Metagenomic and metatranscriptomic sequences from the May–June 2010 Amazon Continuum study are available from NCBI under accession numbers SRP039390 (metagenomes) and SRP037995 (metatranscriptomes) (Satinsky et al., 2014b). The NCBI sequences are fastq files with internal standard sequences and rRNA sequences (metatranscriptomes only) removed. Sequences are also available at the iMicrobe database under project number CAM_ P_0001194 (http://data.imicrobe.us). The iMicrobe sequences are QC’d fasta files of joined paired-end reads, also with internal standards and rRNA sequences (metatranscriptomes only) removed. Metadata accompanying the omics data sets are available at the BCO-DMO data repository (http://www.bco-dmo.org/project/2097).

Measurements of environmental parameters were made as previously described (Goes et al., 2014; Medeiros et al., 2015).

Results and discussion

Genes and transcripts were collected in May–June 2010 from free-living (operationally defined as 0.2–2.0 μm) and particle-associated (2.0–156 μm) microbial communities in surface water at six stations in the Amazon River Plume (Table 1).
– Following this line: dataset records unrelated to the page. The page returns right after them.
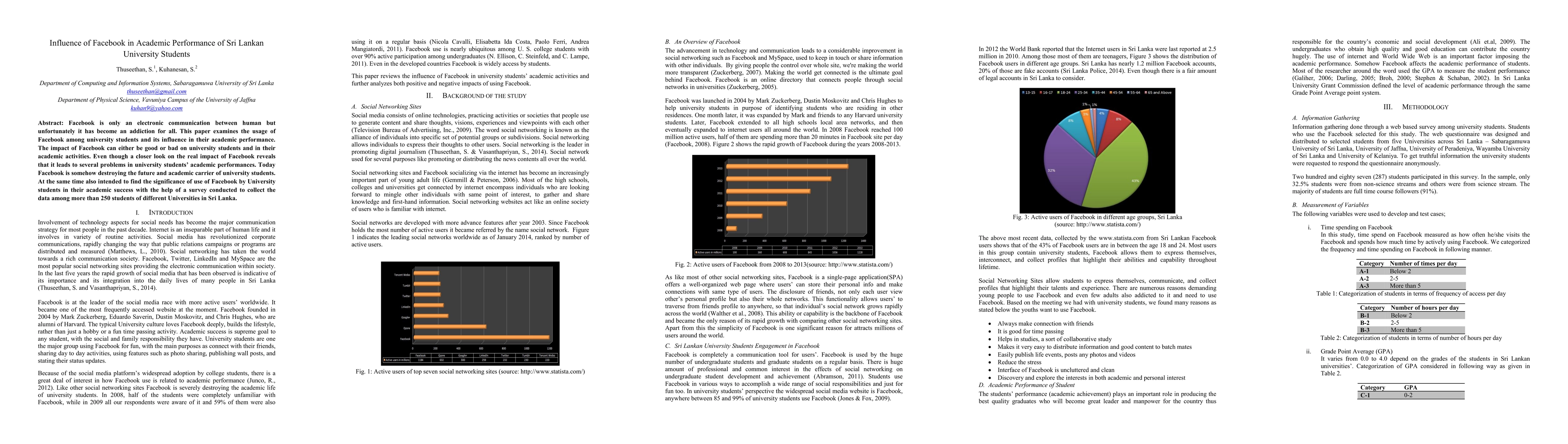 This study investigates the impact of Facebook usage on the academic performance of Sri Lankan university students, revealing both positive and negative influences. The research, based on a survey of over 250 students, finds that excessive Facebook use often leads to detrimental effects on academic success.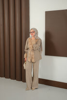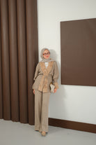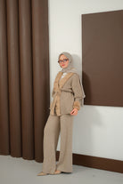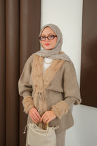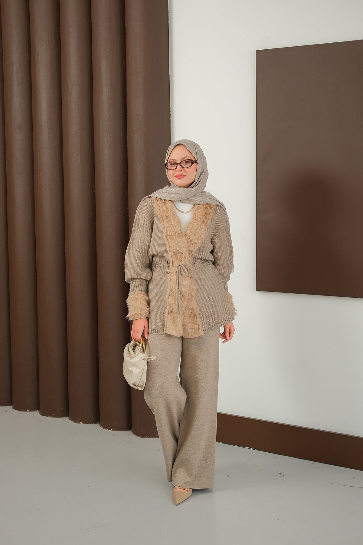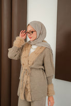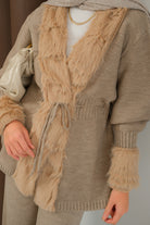 Peluş Detay Triko Takım Vizon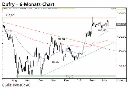 Ausblick: Die Kauflust der Bullen scheint bei den Aktien von Dufry ungebrochen und ein Ausbruch über den Widerstand bei 115,50 CHF möglich. Die Long-Szenarien: Nach einem weiteren temporären Rücklauf an die 106,50 CHF-Marke könnte es zu einem weiteren Ausbruchsversuch über 115,50 CHF kommen. Wird diese Marke durchbrochen, wäre zugleich ein Kaufsignal aktiv, welches man entsprechend „long“ handeln könnte. Im Anschluss dürfte sich der Aufwärtstrend bis 133,00 CHF und darüber bereits bis zum Allzeithoch bei 147,00 CHF fortsetzen. Auf diesem Niveau wäre mit deutlichen Gewinnmitnahmen zu rechnen. Sollte diese Marke jedoch ebenfalls durchbrochen werden, sind nach unserer Auffassung weitere Zugewinne bis 170,00 CHF denkbar. Die Short-Szenarien: Sollte der Wert hingegen deutlich unter 106,50 CHF zurücksetzen, würde dies für eine Fortsetzung der Korrektur bis 100,00 und 96,90 CHF sprechen. Auf diesem Level könnte der Markt jedoch drehen und einen weiteren Anstieg einleiten. Erst der nachhaltige Bruch dieser Unterstützung wäre bearish zu werten und könnte Folgeverkäufe bis in den Bereich um 83,30 CHF auslösen.
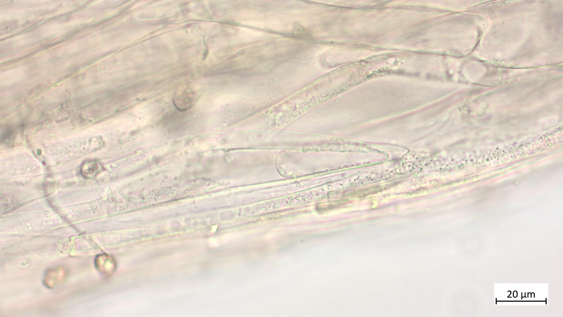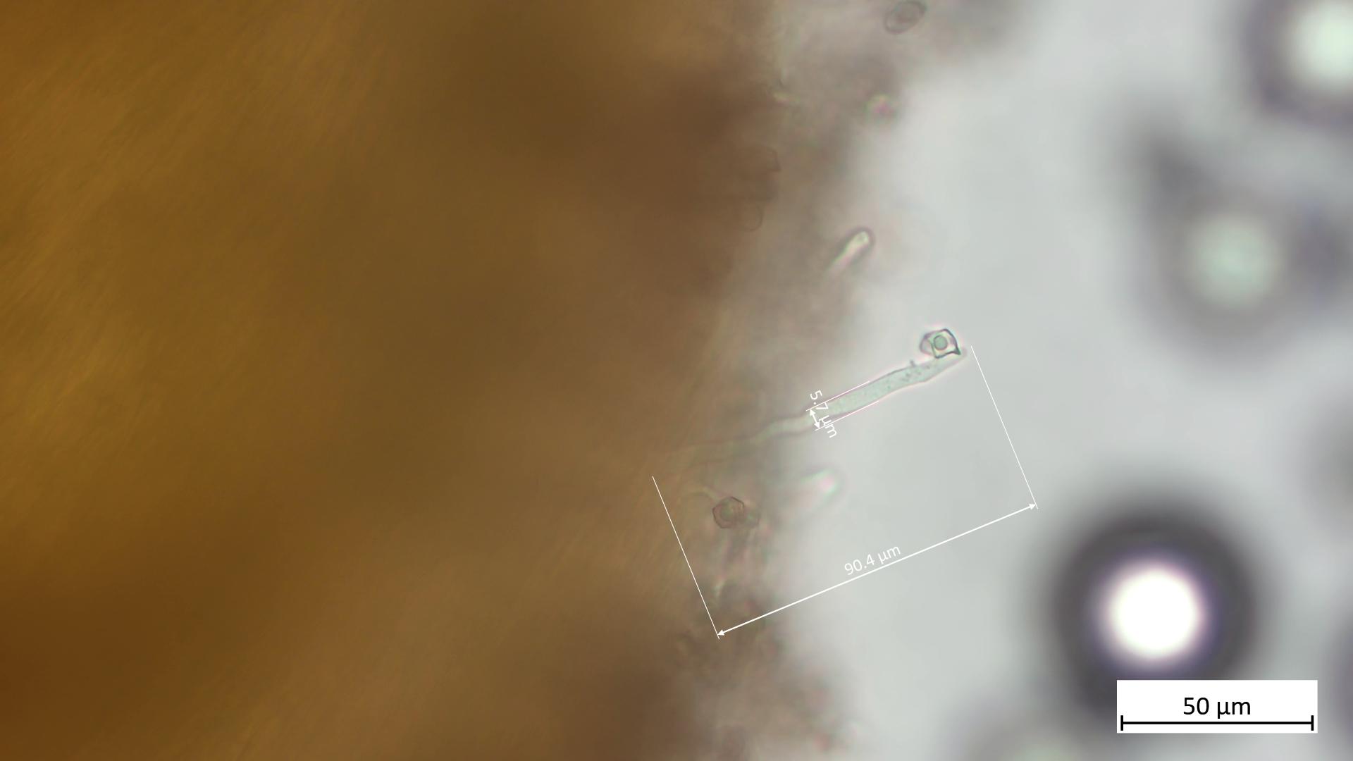 Zum Nachweis von Cheilozystiden empfiehlt es sich, eine Lamelle auf einen Objektträger zu legen, dann mit der Rasierklinge einen dünnen Streifen der Lamellenschneide abzutrennen und die dann ohne großes Quetschen weiter zu untersuchen.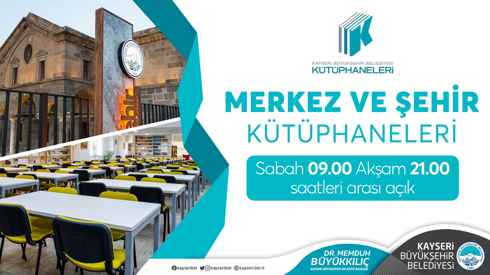 ve Şehir Kütüphanesi’nin çalışma saatleri Başkan Dr. Memduh Büyükkılıç’ın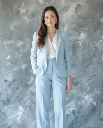 This tailored suit in a dreamy powder blue is both sleek and sophisticated. The structured blazer features subtle detailing and a fitted silhouette, perfectly complemented by matching high-waisted trousers. A tucked-in white wrap blouse adds softness and contrast to the ensemble. Paired with white pointed-toe heels and delicate earrings, this look exudes modern elegance.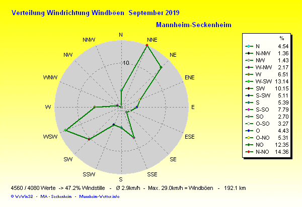 Der wärmste Tag war der 04.09.2019 um 17:00 mit 27.6°C. Am kältesten war es mit 6.4°C am 20.09.2019 um 07:35.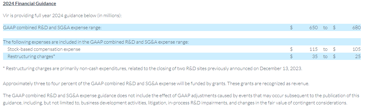 It should be noted the effect of some of those cash expenses on VIR's cash balance, about 3-4% according to the footnote, would be offset by grant funding recognized as revenue. To provide a comparison, R&D expense ($589.7M) and SG&A expense ($178M) totaled $767.7M in 2023, so bringing that down to $650M-$680M does mean that VIR is serious about reducing its expenses.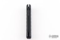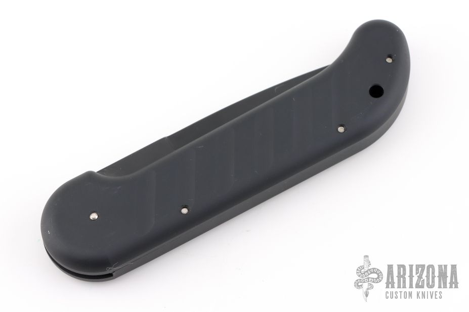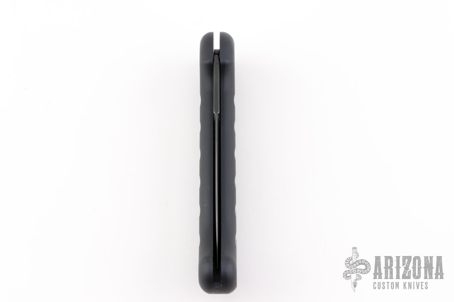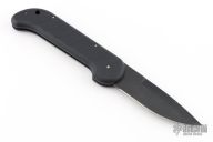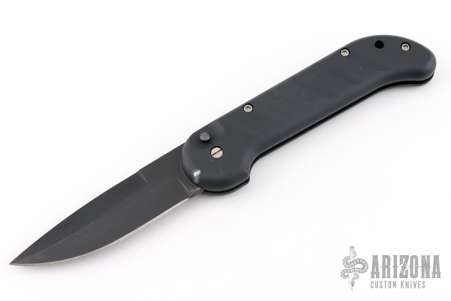 This Ron Miller/Charles Ochs coil-spring automatic features a black blade and black anodized aluminum frame. Strong and fast opening. Nice function. Comes with original signed box. Has some light scuffs and a white spot on the handle near the blade, good condition otherwise.

The stations were grouped into three salinity-based classes following a scheme suggested previously (Subramaniam et al., 2008): low-salinity Stations 10 and 23 (salinity <30), mesohaline Stations 3, 2 and 25 (salinity 30–35), and oceanic Station 27 (salinity >35) (Figure 1, Table 1).

Figure 1
figure 1

(a) Amazon Plume stations sampled May–June 2010 superimposed on salinity contours interpolated from the shipboard underway system. (b) Environmental data. (c) Transcript inventories (mRNAs l−1) for the 10 bacterial or archaeal taxonomic bins contributing the most transcripts at each station.

Taxonomic composition

Patterns of bacterial and archaeal genes and transcripts were determined from duplicate metatranscriptomic and metagenomic data sets for each size fraction and station (24 of each type). A previous study analyzing only data from Station 10 showed that free-living cells made a greater contribution to the community transcriptome because of their higher cell numbers (resulting in more transcripts per liter), but particle-associated cells had higher rates of gene expression (more transcripts per gene copy) (Satinsky et al., 2014a). In this study, data from five additional plume locations in addition to Station 10 allowed a comparison of microbial expression patterns from the outer continental shelf to oceanic waters.

The most transcriptionally dominant genome bins of microbial heterotrophs at the low salinity Stations 10 and 23 included three marine Gammaproteobacteria (HIMB30, HIMB55 and SAR86), along with SAR116 (Candidatus puniceispirillum IMCC1322), SAR324 and several Flavobacteria (Figure 1). At mesohaline Stations 3, 2 and 25, the Verrucomicrobium Coraliomargarita akajimensis DSM45221 reference genome bin contributed the most transcripts, while at oceanic Station 27 the most transcriptionally dominant heterotrophic genome bins were C. akajimensis, SAR116 clade, Roseobacter clade members and Alteromonas.

Autotrophic bacteria from the cyanobacterium genus Synechococcus were important in the transcriptomes of most stations (Figure 1) except for oceanic Station 27 where Prochlorococcus and Trichodesmium were more abundant. At Stations 2 and 25, the cyanobacterium Richelia intracellularis, known to form a symbiotic (‘DDA’) association with diatom Hemiaulus hauckii, was the dominant cyanobacterial transcript bin. These data agree with microscopic counts and pigment analysis that placed Stations 10 and 23 into an ‘estuarine type’ with mixed population of diatoms, cryptophytes and Synechococcus; Stations 2, 3 and 25 into a ‘mesohaline type’ dominated by DDAs and Station 27 into an ‘oceanic type’ characterized by Trichodesmium (Goes et al., 2014).

Transcripts per gene copy

There were fewer transcripts in each liter of plume seawater than there were genes by ~30-fold (Table 2). Exceptions (when transcript gene−1 ratios were >1) were found only at the mesohaline stations for certain genes (nifH, amtB, pstA,C,S and pepM). This low transcript-to-gene ratio is similar to previous findings in marine microbial communities (Beier et al., 2015; Cottrell and Kirchman, 2016). Even for model bacteria growing exponentially, cells contain fewer transcripts than genes (~0.4 transcripts gene copy−1 for exponential phase Escherichia coli and ~0.5 transcripts gene copy−1 for Vibrio alginolyticus; Kramer and Singleton, 1992; Taniguchi et al., 2010) (Table 2). Typical mRNA half-lives are on the order of minutes in prokaryotic cells (Maaloe et al., 1983; Steglich et al., 2010; Taniguchi et al., 2010) and the Amazon Plume data are consistent with a low inventory but high turnover rate of mRNA (Moran et al., 2013)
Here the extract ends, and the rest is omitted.